# Huntress for the FEMALE hunter by Dead Down Wind



## Huntinggirl (Aug 3, 2006)

http://www.gatherthis.com/Products.htm

Just found this on another site, thought the ladies might be interested.

Has anyone used it?


----------



## autumnlovr (Jul 21, 2003)

Nope, never tried them. But, I have heard some folks swear by the Dead Down Wind products. Personally, I like my apple shampoo & my dirt cologne (Fall Blend cover scent).


----------



## luckibuck14sgirl (Jun 6, 2006)

I might give that a try. Sounds good to me, I haven't run into any scent free or scent cover up conditioner yet. This could be a breakthrough for women hunters!


----------



## Huntinggirl (Aug 3, 2006)

Looks like Cabela's carries it and as luck will have it I am headed that way next weekend. Note to self.....add to my (already) to long list..... HUMMM, On that thought.......can a list for Cabela's really be to long


----------



## theredmission (Sep 28, 2005)

I'm not a female, but I've gotta hand it to them they did a good job on finding a way to bring something a little different to a saturated & competitive field.


----------



## ERnurse (Jan 22, 2004)

Huntinggirl said:


> Looks like Cabela's carries it and as luck will have it I am headed that way next weekend.
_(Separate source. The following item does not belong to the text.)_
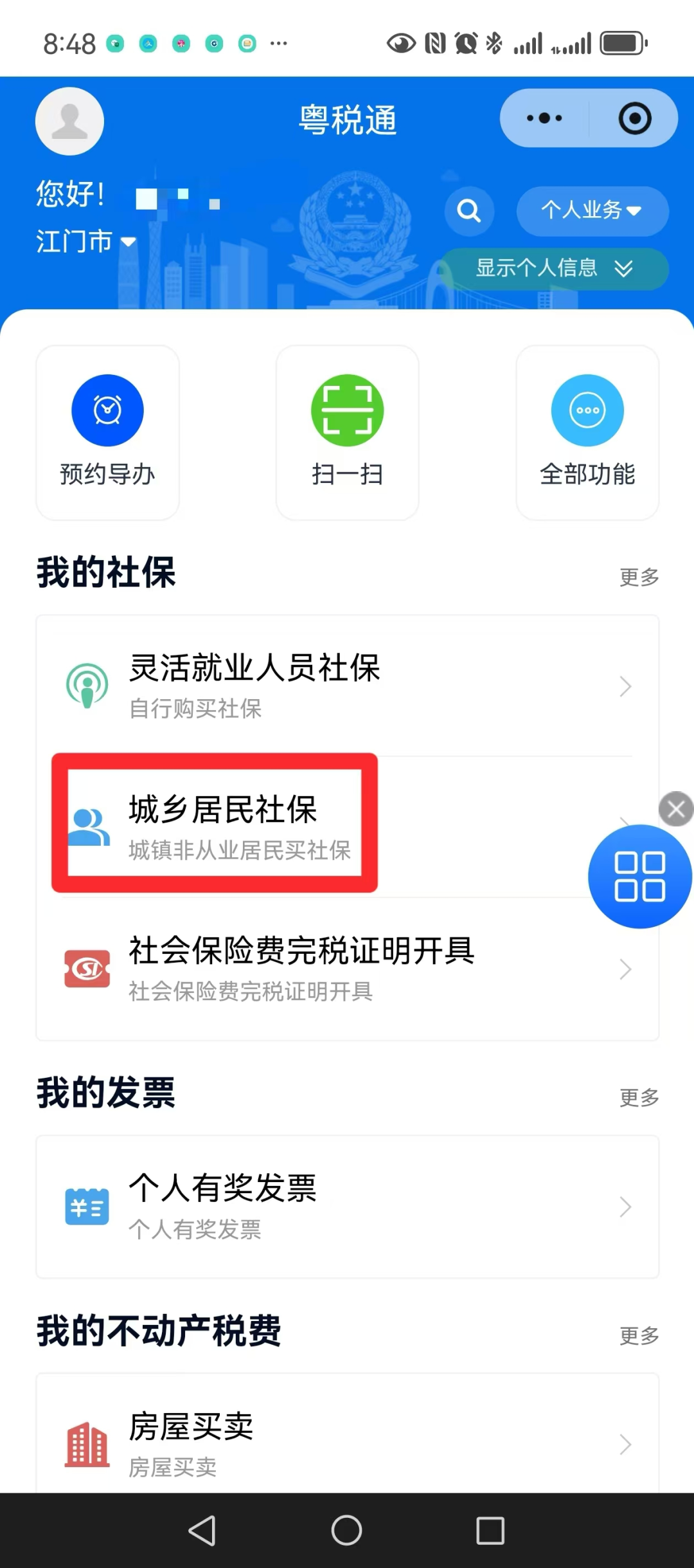 进入“粤省事”微信小程序,进入【社保·就业】,点击【城乡居民社保费清缴】跳转“粤税通”小程序,进入【城乡居民社保】选择【城乡居民社保费清缴】和【城乡居民缴费档次变更】即可办理社保费清缴及缴费档次变更。
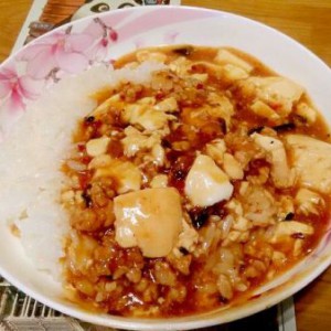 煮滚后,加入豆腐。大火煮滚后,小火焖3分钟。调好淀粉,入锅勾芡,大火煮滚,上盘盖饭。

Note to self.....add to my (already) to long list..... HUMMM, On that thought.......can a list for Cabela's really be to long


No-- lists like that are not too long, just that your pocket might not be that deep 

I have never had an issue for animals winding me, never used scent lok and I have had better success than most male counterparts that I know and/or hunted with, I am not bragging by any means just that my opinion is that women don't have as offensive an odor as men. But that does make me laugh, although I am serious it is still funny to me-- stinky boys:lol:


----------



## William H Bonney (Jan 14, 2003)

ERnurse said:


> No-- lists like that are not too long, just that your pocket might not be that deep
> 
> I have never had an issue for animals winding me, never used scent lok and I have had better success than most male counterparts that I know and/or hunted with, I am not bragging by any means just that my opinion is that women don't have as offensive an odor as men. But that does make me laugh, although I am serious it is still funny to me-- stinky boys:lol:


So,, what's your secret??


----------



## ERnurse (Jan 22, 2004)

no secret, I just dont smell like a boy :cwm27:


----------



## 1wildchild (Apr 14, 2003)

stinky boys A HAHAHAHAHAHAHAHA!!!


----------